Return all of the entries exactly, but do not include the pictures.

***

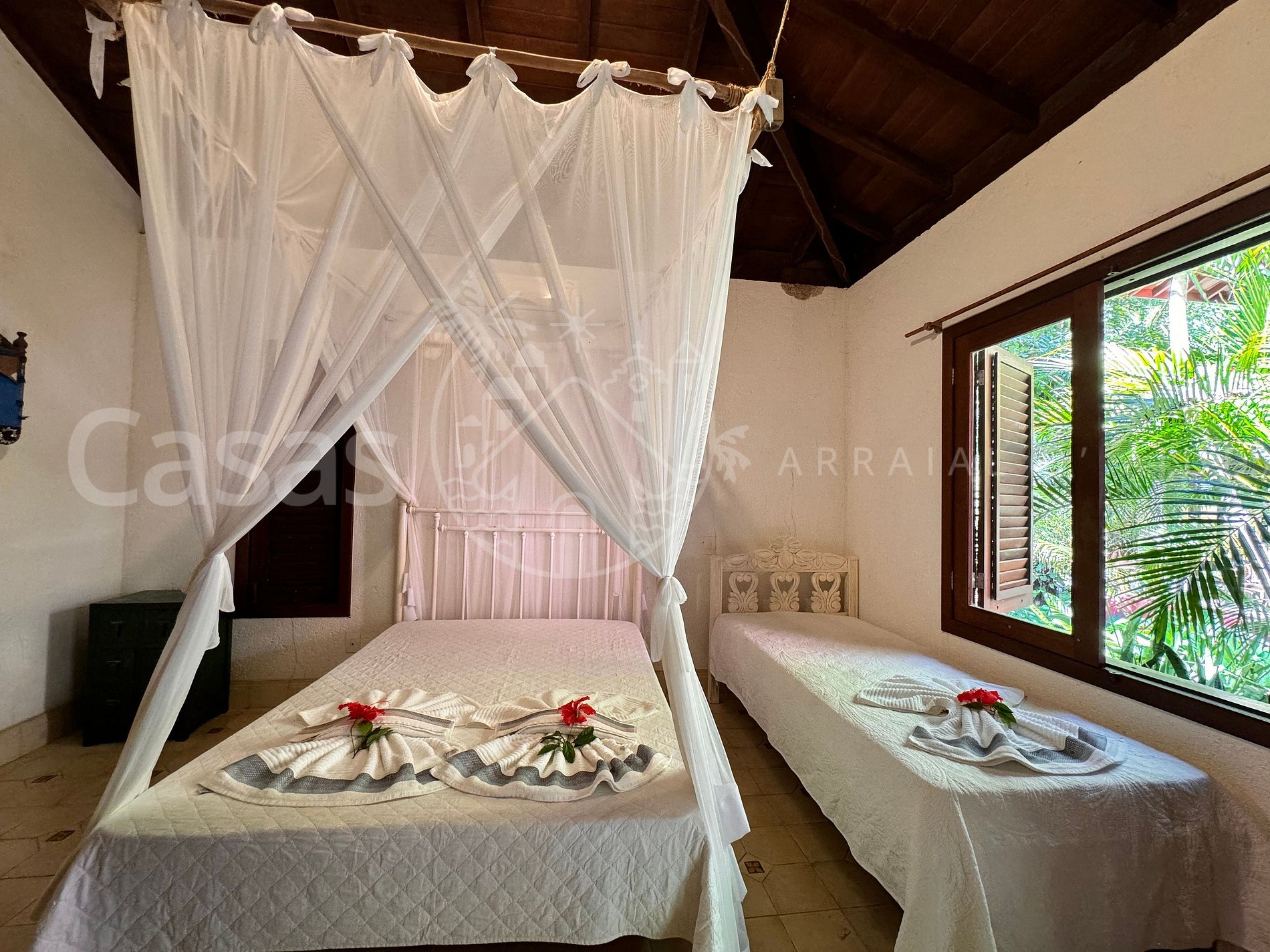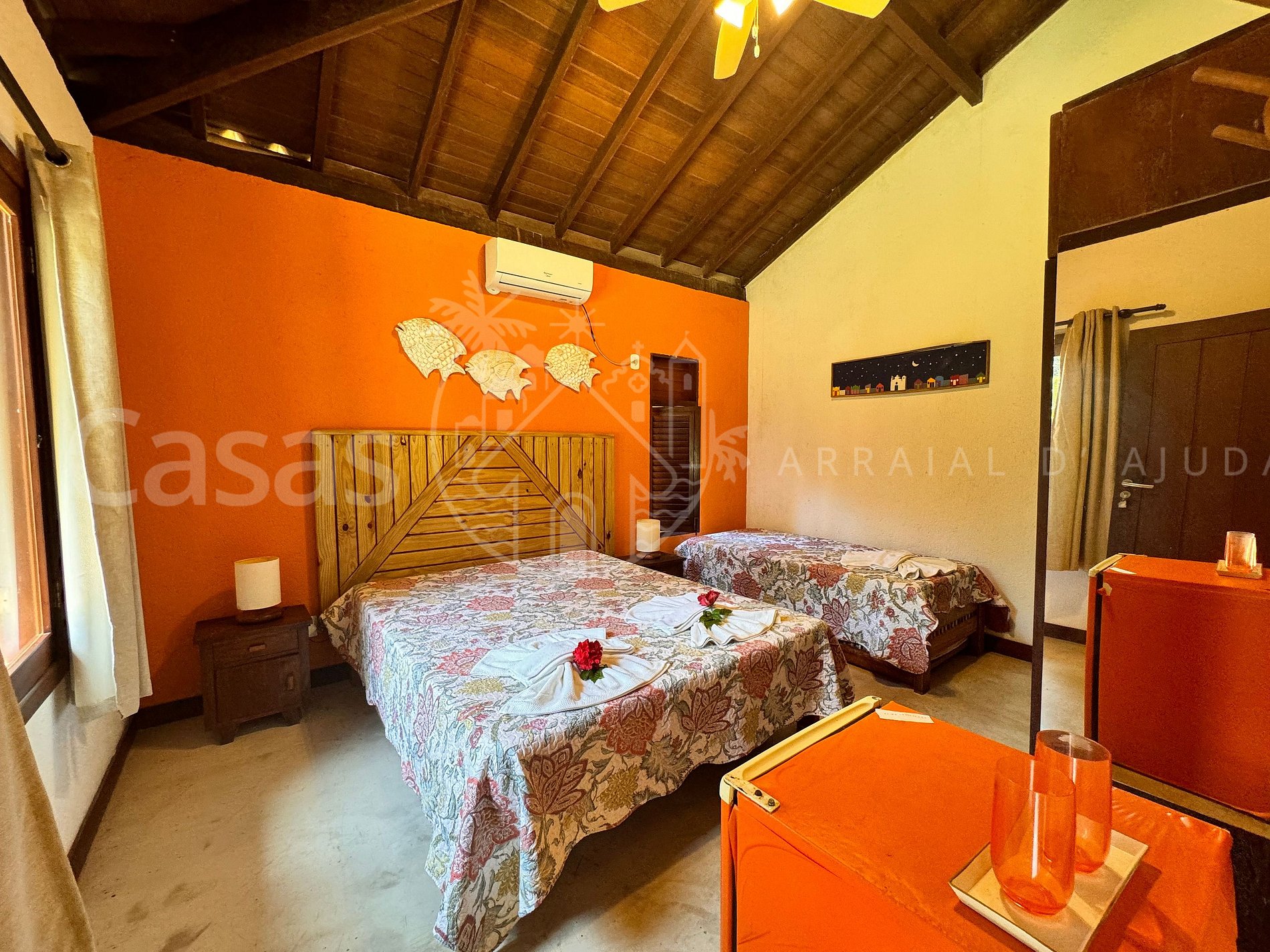Suíte 3 – Piso térreo: 1 cama queen, 1 cama solteiro, ar-condicionado, ventilador, cortina, varanda
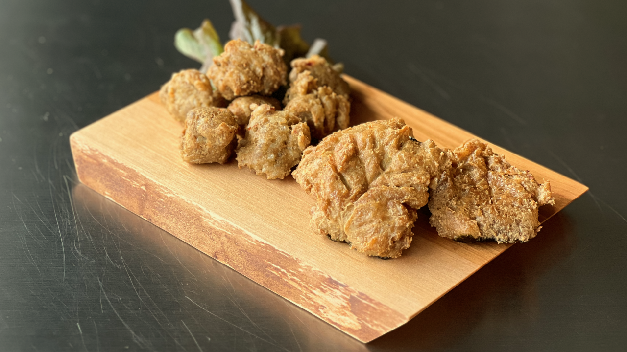 ある素材のうまみをギューっと抽出し、肉がわりの素材にふくませます。
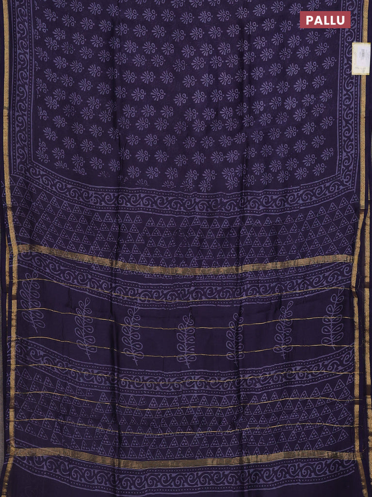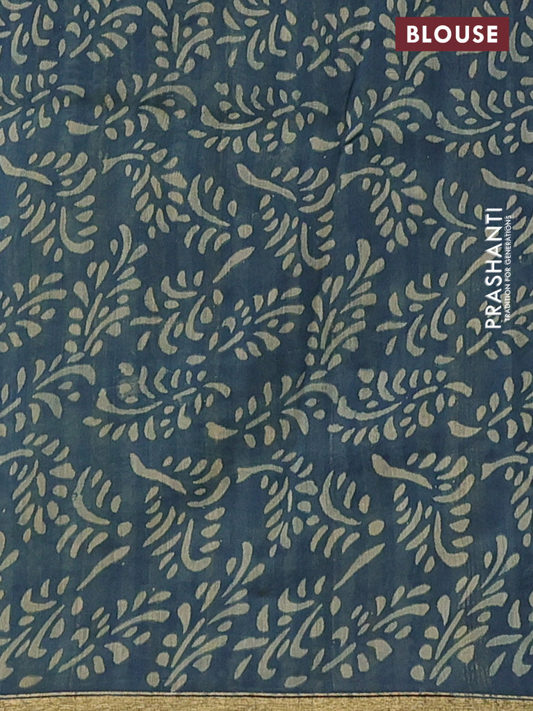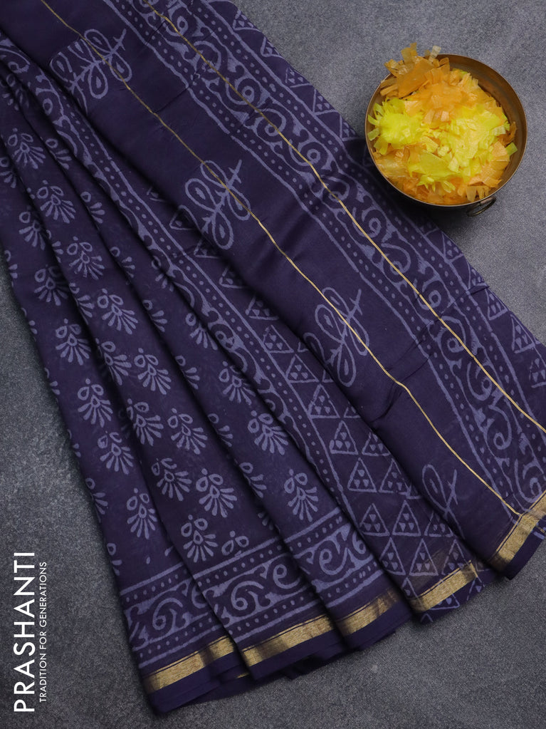 Chanderi bagru saree navy blue with allover butta prints and small zari woven border
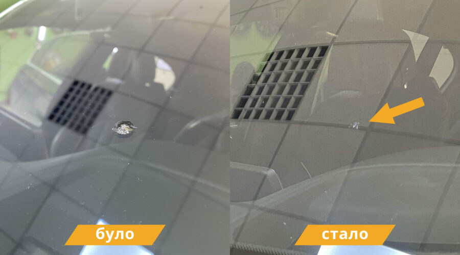 - Майстри використовують спеціальне вакуумне обладнання та прозорі полімерні смоли. Скол очищується від бруду та вологи, після чого порожнина заповнюється смолою і полімеризується. Завдяки цьому відновлюється прозорість скла та його міцність.
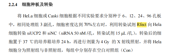 吉林大学研究者在 UCP2 对人宫颈癌细胞辐射敏感性的影响及线粒体相关机制的研究中,为明确 UCP2 的功能及调控机制,用 RFect siRNA转染试剂成功将 UCP2及阴性对照 siRNA 转染至人宫颈癌细胞 HeLa中。Q-PCR检测发现,相较于对照组,HeLa 细胞中 UCP2 的 mRNA水平显著降低,敲降效率约90%,同时WB结果表明,该基因在蛋白水平上下调明显。
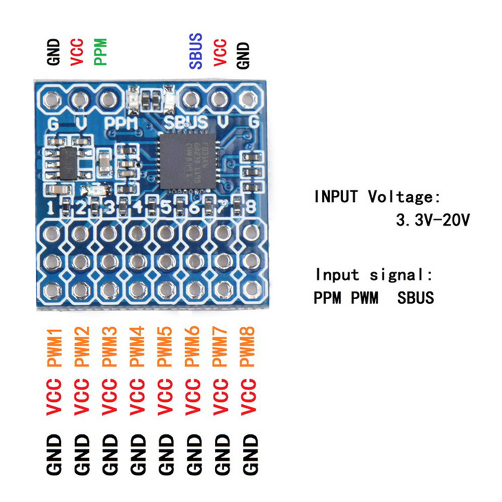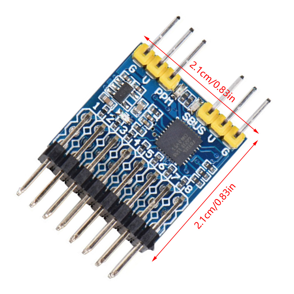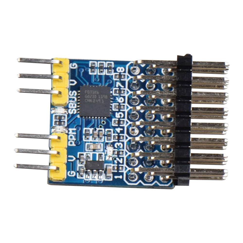 When SBUS channel inputs SBUS signal, corresponding 1-8 channels output PWM signal and PPM channel outputs PPM signal.

***

ANSWER AREA:
Suíte 3 – Piso térreo: 1 cama queen, 1 cama solteiro, ar-condicionado, ventilador, cortina, varanda
 ある素材のうまみをギューっと抽出し、肉がわりの素材にふくませます。
 Chanderi bagru saree navy blue with allover butta prints and small zari woven border
 - Майстри використовують спеціальне вакуумне обладнання та прозорі полімерні смоли. Скол очищується від бруду та вологи, після чого порожнина заповнюється смолою і полімеризується. Завдяки цьому відновлюється прозорість скла та його міцність.
 吉林大学研究者在 UCP2 对人宫颈癌细胞辐射敏感性的影响及线粒体相关机制的研究中,为明确 UCP2 的功能及调控机制,用 RFect siRNA转染试剂成功将 UCP2及阴性对照 siRNA 转染至人宫颈癌细胞 HeLa中。Q-PCR检测发现,相较于对照组,HeLa 细胞中 UCP2 的 mRNA水平显著降低,敲降效率约90%,同时WB结果表明,该基因在蛋白水平上下调明显。
 When SBUS channel inputs SBUS signal, corresponding 1-8 channels output PWM signal and PPM channel outputs PPM signal.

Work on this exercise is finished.